Earlier posts

Earlier posts
This blog is a continuation of an older one. To explore previous posts please click the photo above.

Monday, 8 September 2025

Crag House Farm


After my walk round Yeadon Tarn, I decided I'd drive a little further to Crag House Farm. It's run by a Christian charity, 'Caring for Life', which supports vulnerable and disadvantaged people in Leeds, through residential homes, care in the community and therapeutic projects at the farm. The farm site has lovely grounds, a plant nursery and a rather good restaurant and shop, selling local produce including beef, lamb and eggs reared on the farm. 

It's a while since I last visited and the grounds have been extended beyond the original woodland garden and down into the fields beyond. 






The bog and pond areas were low in water, though the bullrushes were abundant, as was the fruit on the trees and hedgerows. This was the last week in August and I'm not sure apples are usually ripe by now. Autumn seems to be early, I suppose sparked by the dry summer. The trees are stressed and prompted to produce fruit to survive, perhaps? 
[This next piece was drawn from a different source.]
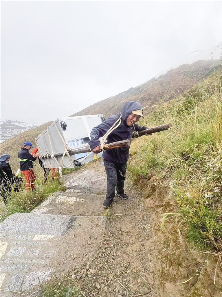為了方便游客喝到平價(jià)飲料,單位引進(jìn)了12臺(tái)售賣機(jī),安裝在公園各個(gè)角落,售賣機(jī)里各種飲料、礦泉水等商品跟超市售賣的價(jià)格基本一致。扎西曲培說,他們將售賣機(jī)安裝在海拔4000米的地方,過程是艱難的。一臺(tái)售賣機(jī)重約400斤,車輛上不去,他和森林消防隊(duì)員通過人背肩扛,一步步抬上去的。目前,在南山公園“祖國(guó)萬歲”的山峰處,大家口渴了,拿出手機(jī)掃描一下,即可喝到平價(jià)的礦泉水。

Just alongside the farm buildings, some of the workers were checking (counting?) sheep. I hope they slept well that night! 

 

Sunday, 7 September 2025

Yeadon Tarn


Yeadon Tarn is a man-made lake, sited between Bradford and Leeds, next door to Leeds-Bradford Airport. (You can perhaps spot an aeroplane on the runway in the distance in the photo above.) It's not a very exciting lake, really, but it makes a change for me to go up there and have a walk round the perimeter. It's sometimes used for sailing. There's a small yacht club there but I don't think I've ever seen a boat out on the water. 

There was a sharp shower just as I arrived but it was over in minutes. The rain we're now getting isn't doing much to reverse the summer's drought. I'm presuming it's the drought that has led to the bright turquoise hue of the water, as I don't think it usually looks like that. Maybe there's an algal bloom in it, though it didn't seem to be deterring the birdlife or the fishermen. 


Someone had scattered seed for the ducks, though the little white one was very tentative and kept getting pushed out by the others. I felt rather sorry for it! 

 

Saturday, 6 September 2025

Around Bolton Abbey


Here are a few more (marginally less touristy) shots that I took on my recent walk at Bolton Abbey. This is the first view you get of the Abbey when approaching on the east riverbank. The posts you can see in the middle distance are for children to weave in and out of. This path is a 'Welly Walk' with all sorts of slides and climbs and hops for little ones to enjoy. I have to admit to testing out my balance on a serpentine length of tree stump 'stepping stones'. I didn't fall off! 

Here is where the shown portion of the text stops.